Como un vendaval, revisó la cava, volteando mesa y estanterías, rompiendo botellas y, en medio del estropicio, se dio cuenta por donde se habían escapado.
Helio juntó fuerzas para ponerse en pie. Había cumplido su misión y debería estar orgulloso. Juntó los pedazos de papel amarillento y leyó, desde abajo, Fernando Hompesch... 1805... Sin embargo al llegar arriba se dio cuenta: no era la carta que buscaba. Furioso, arrugó el papel y lo tiró lejos. ¿Qué iba a hacer? No podía volver humillado a Europa, y tenía miedo de Charles... pero no podía ser tan cobarde, pertenecía a una familia notable.

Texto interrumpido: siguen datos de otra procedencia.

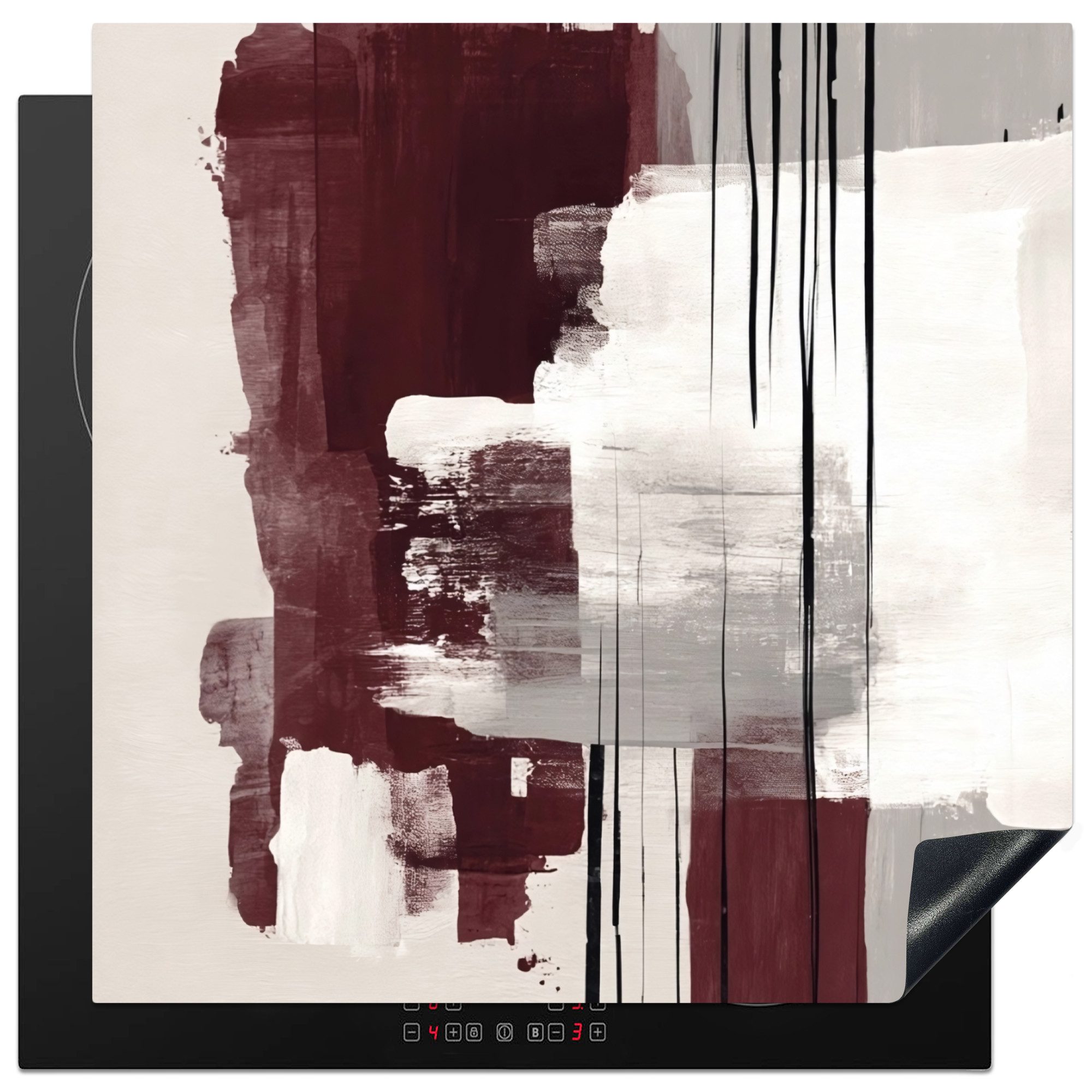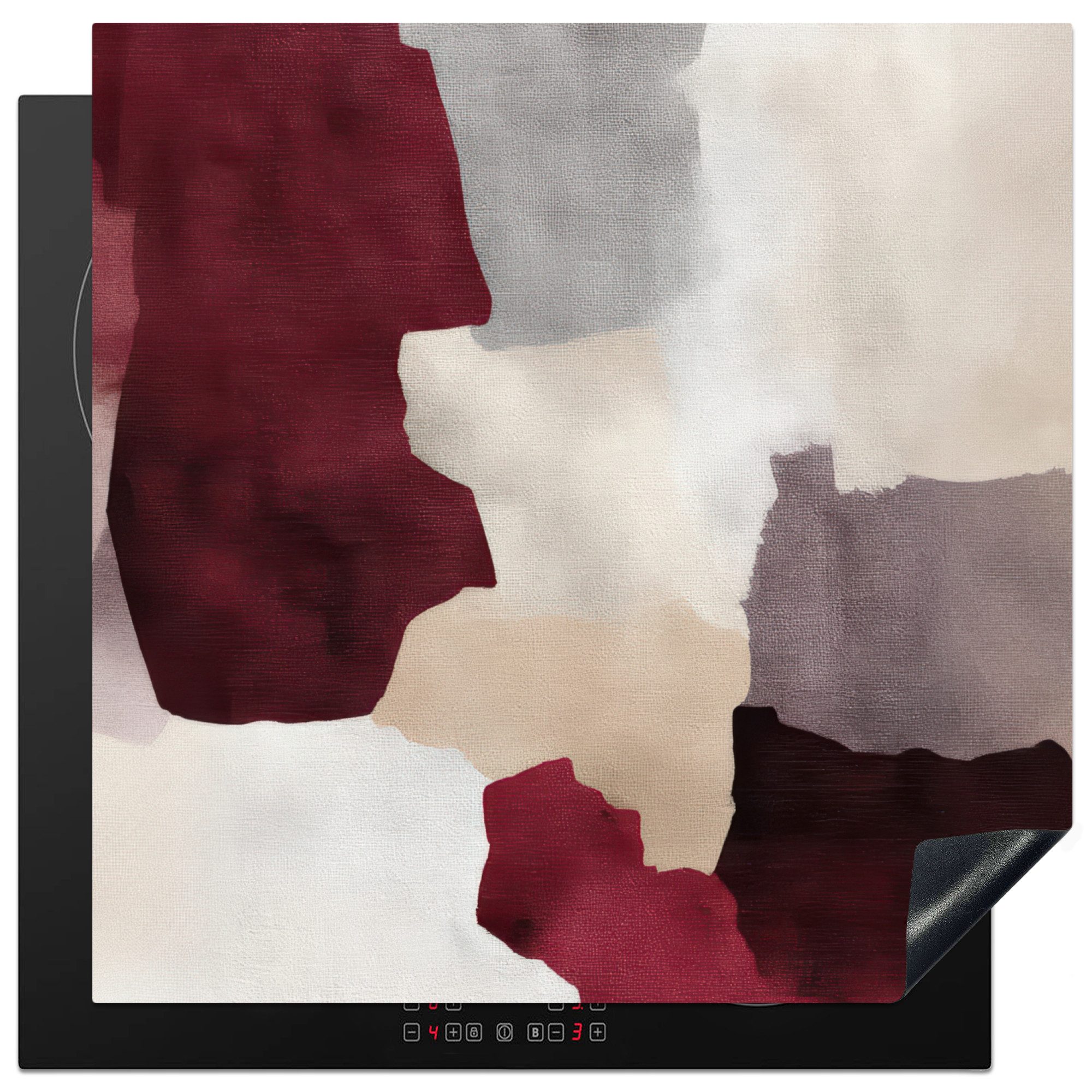Eine abstrakte Komposition aus sich sanft überlagernden Farbflecken in Burgunderrot, Grau, Beige und Weiß. Die Flecken haben einen fließenden, organischen Charakter.

Cuando Charles volvió a emerger del sótano, furioso después de recorrer inútilmente el pasaje retorcido y sucio por el que habían escapado al parque, Helio había sacado de su traje una daga, con la empuñadura en forma de serpiente enroscada sobre una cruz que formaba el filo. El vampiro notó el brillo en su mano y se colocó frente a frente, mirándolo con sorna:
–Un digno representante de tu linaje, traicionando, desertando siempre que pueden para salvarse a sí mismos. ¿No fue así que tu tatarabuelo vendió su alma? ¿Entregando las llaves de su pueblo a los franceses, asesinando víctimas inocentes, mujeres y niños, a cambio de una salvaguardia para ganar Italia con sus posesiones? –Helio lo interrumpió de un empujón: le había hundido la daga en el pecho. Charles hizo una pausa, se miró y tranquilamente se quitó la hoja de plata. El otro había esperado que lo paralizara por completo–. Tus espíritus no pueden llegar aquí ¿no te das cuenta? –no había elegido esa casa solo por estar aislada, sino porque se hallaba en terreno sagrado de los Hospitalarios, allí no había magia capaz de retenerlo, por más que recitara sus hechizos. Susurró–. Creo que debes rezarle a otro Dios.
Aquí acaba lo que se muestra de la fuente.